Physical Therapy May Not Be Helpful for Osteoarthritis

Lara C. Pullen, PhD

May 27, 2014

Physical therapy did not improve pain or function in patients with hip osteoarthritis relative to sham treatment in a randomized, placebo-controlled trial. Moreover, the multimodal physical therapy program was associated with relatively frequent, but mild, adverse effects.

Kim L. Bennell, PhD, from the School of Health Sciences, University of Melbourne, Australia, and colleagues published the results of their trial in the May 21 issue of JAMA. The study was designed to detect clinically relevant differences among 102 patients randomly assigned to receive either physical therapy or sham therapy.

The investigators defined clinically relevant improvement as a change of 18 mm on a 100-mm visual analog pain scale and 6 units out of 68 on a physical function index.
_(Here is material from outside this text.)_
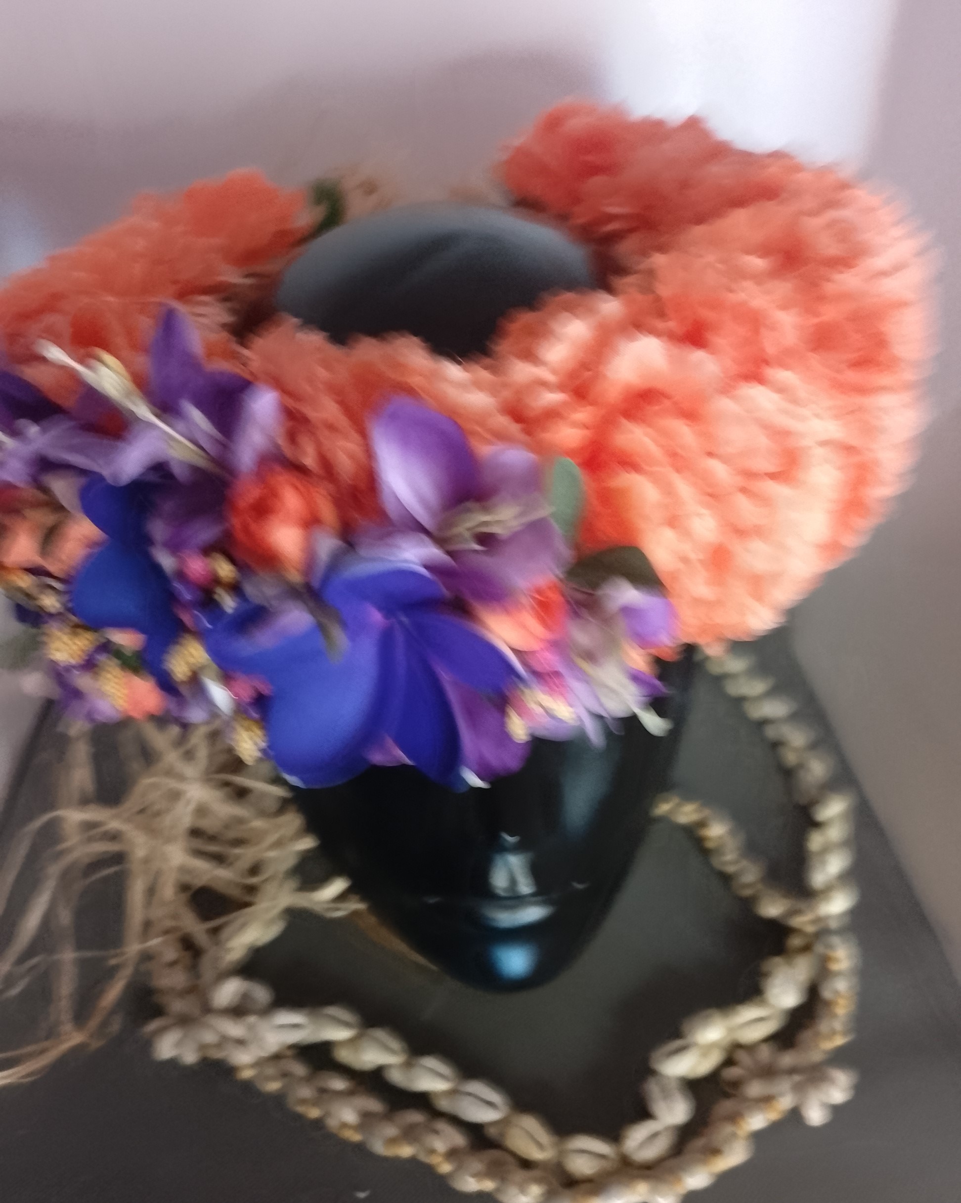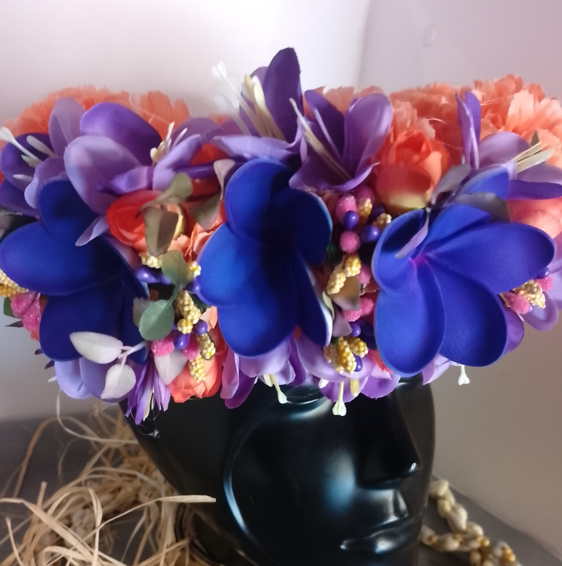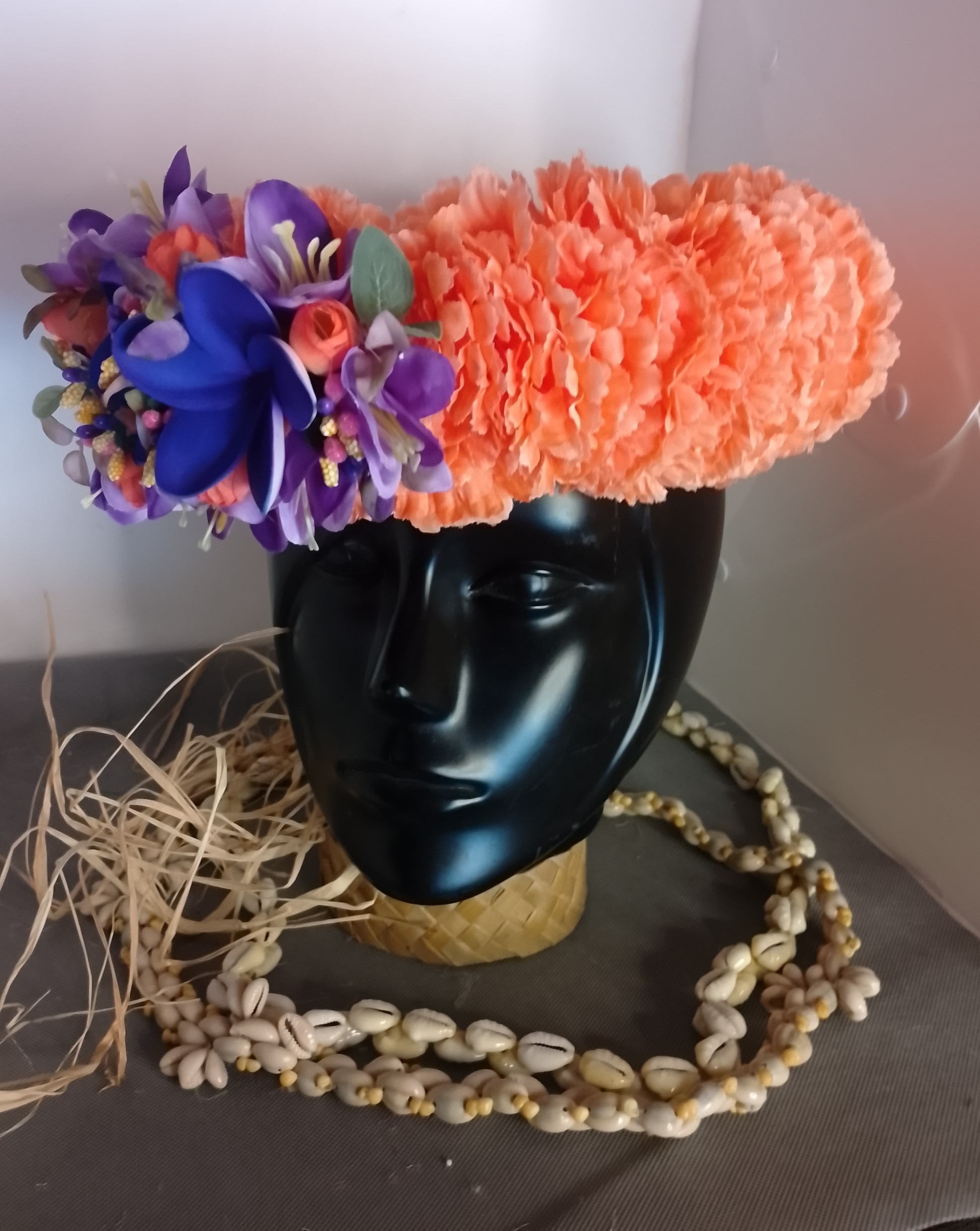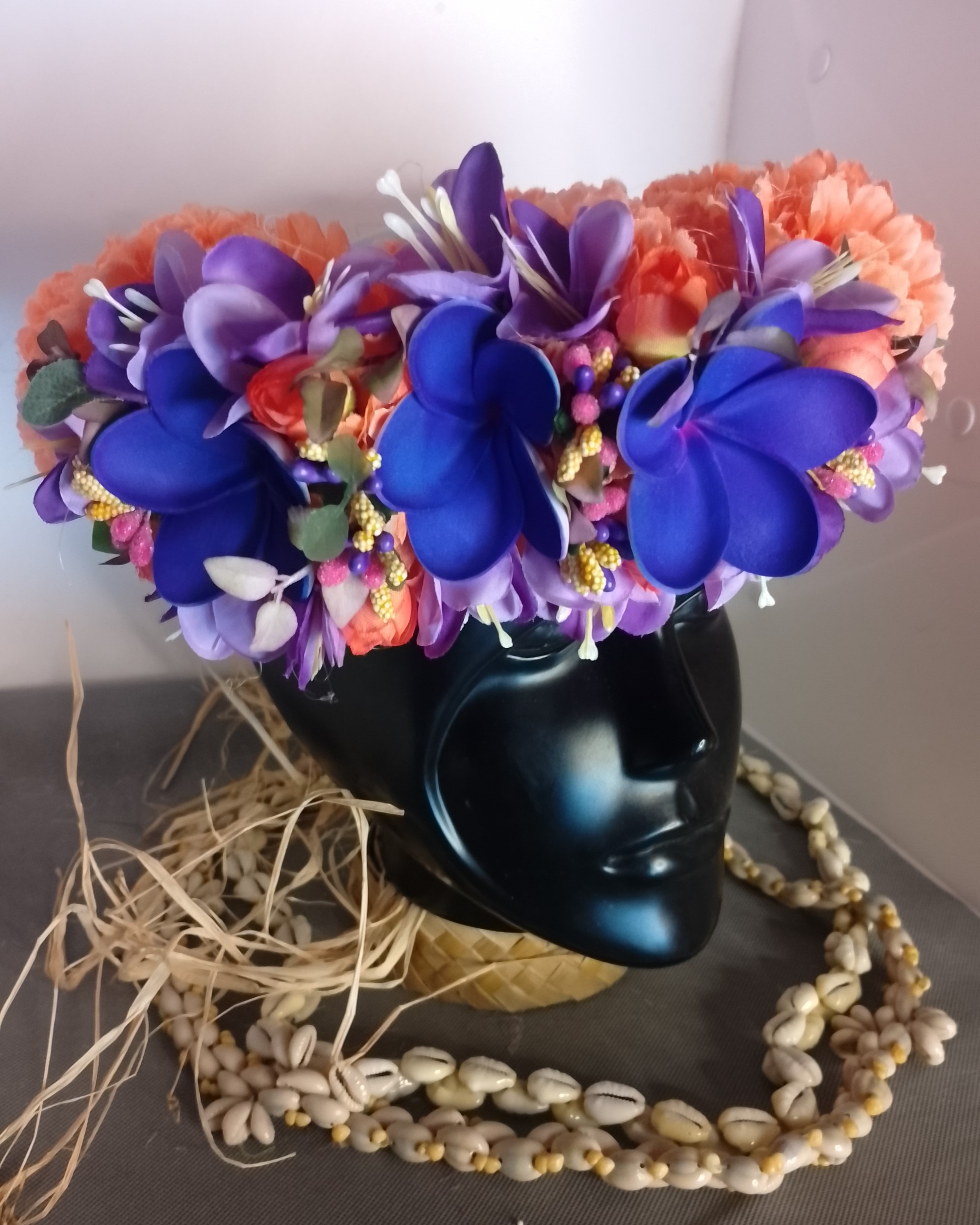 Pour la Couronne de fleur Tahiti orange trois tipanie violets la base de raphia tressé se termine par des liens. Ainsi elle peut s’ajuster au tour de tête de la vahine.

"We minimized potential for bias by including a credible sham treatment, concealing treatment allocation, and blinding the participants, outcome assessor, and biostatistician. Participants had radiographically confirmed hip osteoarthritis and a sufficient level of pain and physical dysfunction to ensure ample scope for improvement," the authors write. Therapists were not blinded in the trial.

The investigators documented 85% adherence rates to home exercise. Both groups experienced clinically relevant benefits from their time with the therapist. The authors believe that the documented improvements were unlikely to be a result of spontaneous recovery.

However, they found no statistically significant difference between groups with regard to change on pain and physical function scales. Any differences, although not clinically significant, favored the sham group and not the active group. For example, measurement of the improvements in pain yielded a between-group difference of 6.9 mm, favoring sham treatment (95% confidence interval, −3.9 to 17.7 mm).

"We found that a 12-week multimodal physical therapy treatment typical of current practice for people with symptomatic hip osteoarthritis, did not confer additional benefits over a realistic sham treatment that controlled for the therapeutic environment, therapist contact time, and home tasks. Both groups showed significant improvements in pain and function following treatment. The active group reported a significantly greater number of adverse events although these were relatively mild in nature," the authors write.

A recent Cochrane review of hip osteoarthritis documented small benefits of exercise for pain and physical function when compared with no treatment. Another recent study found that manual therapy or exercise was beneficial when compared against usual general practitioner care. The combination of the 2 therapies was found to be less effective than either one alone.

The current study represents, however, the first placebo-controlled trial of physiotherapeutic interventions for hip osteoarthritis. Although previous studies have compared exercise and/or manual therapy with standard care, education, or another therapy, the current study was designed to control for regular intensive contact with a physical therapist.

The results of the current study are consistent, however, with previous studies that have documented significant placebo effects in hip osteoarthritis. They are also consistent with previous research that the team has done with other manifestations of osteoarthritis.

"We have tested other multimodal physical therapy programs for knee osteoarthritis and for shoulder chronic rotator cuff pathology, comparing against the same placebo treatment we used in the current study. Both of these studies found similar results to the current study in that both the active and sham treatment groups showed improvements but no significant differences between them," Dr. Bennell told Medical Medscape News.

Although the investigators are confident their findings are real, they acknowledge that drawing clinical recommendations from the findings is complicated.

"I think the interpretation and clinical meaning of the results warrant further discussion. It seems that receiving the specific physical therapy treatments did not add any greater benefit over simply seeing a caring physical therapist and having positive expectations about treatment. As both groups showed improvements in pain and function over time, this suggests that you can gain benefits for pain and function by simply seeing a physiotherapist, and that the benefits are not tied to the exact treatment that the therapist is administering," Dr. Bennell said.

"The article is [a] well-conducted study," John FitzGerald, MD, from Ronald Reagan University of California, Los Angeles, Medical Center, told Medscape Medical News. "Hip [osteoarthritis] is a harder joint to rehab then, say, a knee. I wouldn't want people to confuse this as [physical therapy] is useless.

This study was funded by the National Health and Medical Research Council, an Australian Research Council Future Fellowship, and an Australian National Health and Medical Research Council Practitioner Fellowship. Dr. Bennell received royalties for an educational DVD on knee osteoarthritis, and she and 1 coauthor received royalties from a commercially available shoe from Asics Oceania. The other authors and Dr. Fitzgerald have disclosed no relevant financial relationships.